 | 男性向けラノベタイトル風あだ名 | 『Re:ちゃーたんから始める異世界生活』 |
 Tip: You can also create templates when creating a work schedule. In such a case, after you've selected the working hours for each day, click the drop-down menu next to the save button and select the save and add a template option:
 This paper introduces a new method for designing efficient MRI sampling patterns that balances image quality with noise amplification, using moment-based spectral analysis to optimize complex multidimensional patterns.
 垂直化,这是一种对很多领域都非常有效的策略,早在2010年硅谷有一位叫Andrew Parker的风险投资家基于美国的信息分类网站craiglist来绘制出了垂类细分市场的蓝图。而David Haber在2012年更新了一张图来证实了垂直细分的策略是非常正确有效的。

====

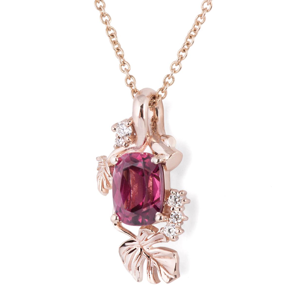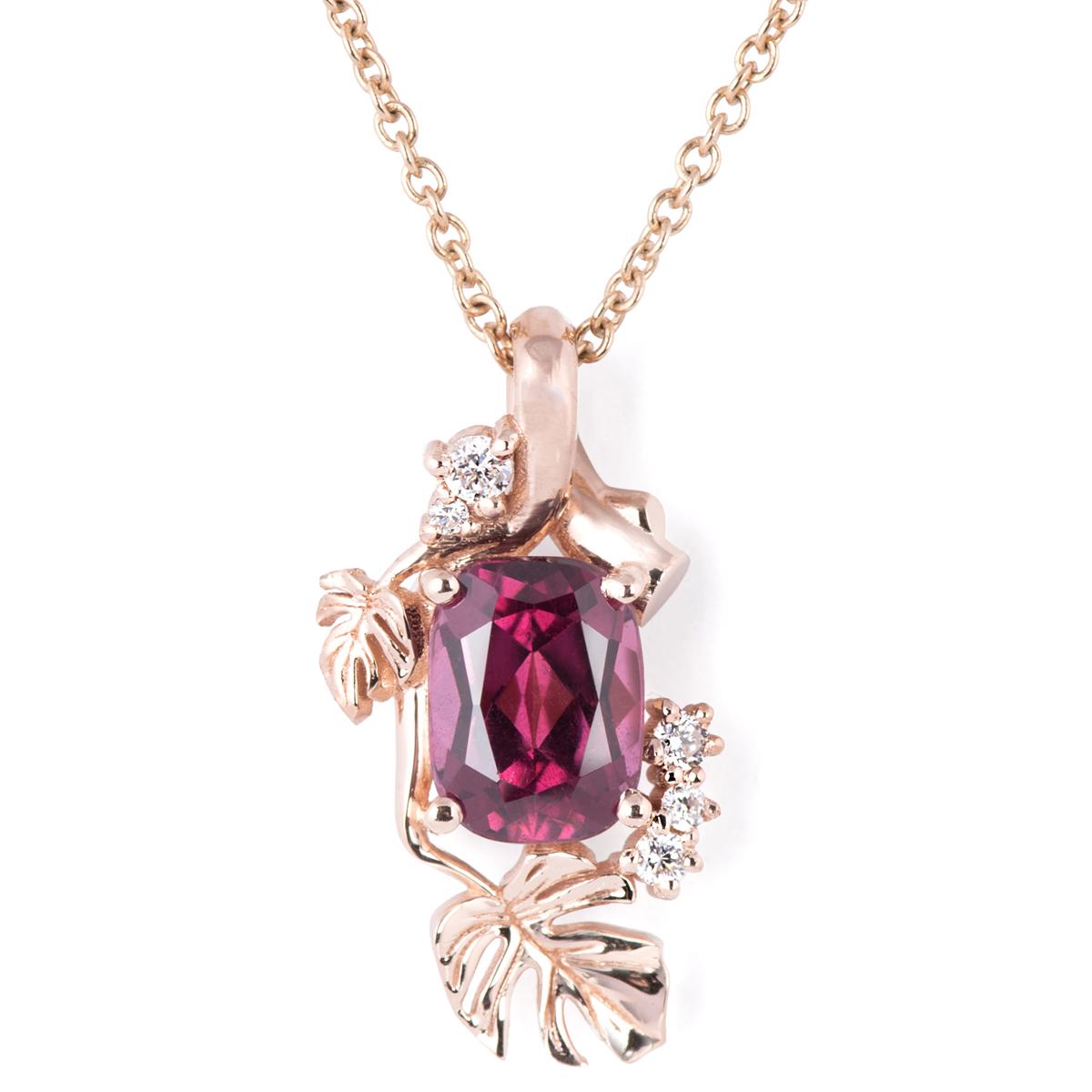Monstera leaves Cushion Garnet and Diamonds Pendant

====

__TASK STATEMENT__: Of the entries listed above, reproduce only the lines starting at the line containing "男性向けラノベタイトル風あだ名 | 『Re:ちゃーたんから始める異世界生活』 |" and ending at the line containing "This paper introduces". Include both, exactly as they stand.

__EXERCISE OUTPUT__:
 | 男性向けラノベタイトル風あだ名 | 『Re:ちゃーたんから始める異世界生活』 |
 Tip: You can also create templates when creating a work schedule. In such a case, after you've selected the working hours for each day, click the drop-down menu next to the save button and select the save and add a template option:
 This paper introduces a new method for designing efficient MRI sampling patterns that balances image quality with noise amplification, using moment-based spectral analysis to optimize complex multidimensional patterns.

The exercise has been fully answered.